News

Atlas of acute myeloid leukaemia cell types may lead to improved, targeted therapies

28 Feb 2019
Atlas of acute myeloid leukaemia cell types may lead to improved, targeted therapies

A research team led by Massachusetts General Hospital (MGH) investigators has assembled a detailed atlas of bone marrow cells from patients with acute myeloid leukaemia (AML), an aggressive blood cancer that usually leads to death within five years of diagnosis.

In their study, published in Cell, the team uses advanced technologies to detail both genetic mutations and gene expression in thousands of individual bone marrow cells from AML patients and healthy donors.

Their results reveal specific tumour cell types that resemble normal stages of white blood cell development and also show a role for more differentiated tumour cells in suppressing an anti-tumour immune response.

"Acute myeloid leukaemia is characterised by the accumulation of abnormal white blood cells in the bone marrow and blood of patients, and it has been known for decades that the disease comprises a variety of cell types that resemble normal developmental stages of blood cells," says Peter van Galen, PhD, MGH Department of Pathology and Center for Cancer Research, co-lead author of the Cell paper.

Co-lead author Volker Hovestadt, PhD, also of MGH Pathology and the Center for Cancer Research, adds, "We used new technologies and machine learning to characterise almost 40,000 single cells from the bone marrow of AML patients and healthy volunteers. This approach is providing comprehensive insight into the different types of cancer cells and how they contribute to disease progression."

The researchers used single-cell RNA sequencing to examine gene expression comprehensively in bone marrow cells from 16 AML patients and 5 healthy controls and incorporated a new strategy to determine which cells harboured characteristic AML mutations.

The team then implemented a machine-learning algorithm to distinguish the malignant AML cells from normal cells in the tumour ecosystem.

They found that AML cells could be classified according to their resemblance to six stages of blood cell development.

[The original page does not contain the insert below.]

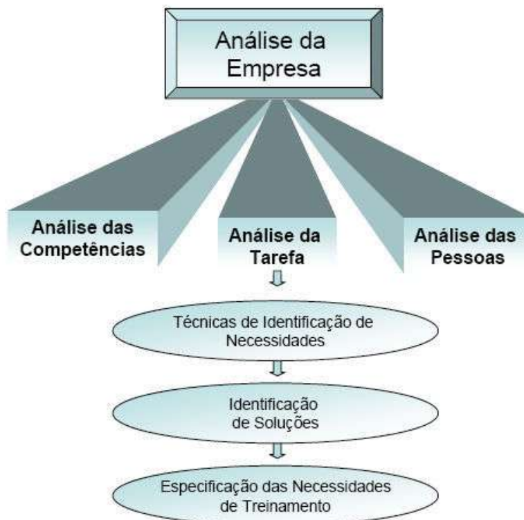
Figura 3: Representação Gráfica da seqüência de atividades necessárias ao Levantamento de Necessidades de Treinamento

A Figura 3 representa a seqüência de atividades necessárias para a realização do Levantamento de Necessidades de Treinamento:

Moreover, the specific mutations in tumour cells were found to control the developmental stages reflected and also appeared to induce aberrant patterns of gene activity and cell differentiation.

AML cells resembling the earliest stages of development - often called leukaemia stem cells - are known to contribute to disease progression and relapse; and as expected, AML cells expressing genes associated with primitive developmental stages were prominent in patients with poor clinical outcomes.

But the investigators also found evidence that more differentiated AML cells, not previously thought to have a role in tumour progression, can inhibit the function of T cells in the microenvironment, suppressing potential immune responses against the tumour.

"It is now clearer that genetic mutations can drive different cancer cell types that need to be specifically targeted with precision therapies, so our findings can guide personalised therapies to eradicate AML cells," says van Galen.

"Immune therapies that harness T cells have been less successful in AML, and our findings suggest that their efficacy could be improved by overcoming the inhibitory signals from differentiated tumour cells. Finally, better understanding of the abnormal regulation of developmental genes in leukaemia stem cells may provide fundamental insights into the origins of this disease."

Senior author Bradley Bernstein, MD, PhD, MGH Pathology and Center for Cancer Research adds, "This study would not have been possible without an incredible interdisciplinary team of cancer biologists, clinicians, technologists and computational scientists from MGH, the Ludwig Center at Harvard, the Broad Institute, and the Dana-Farber Cancer Institute. This collaboration to advance our understanding of cancer cell biology has the potential to significantly improve therapies for patients with what has been a very difficult to treat disease."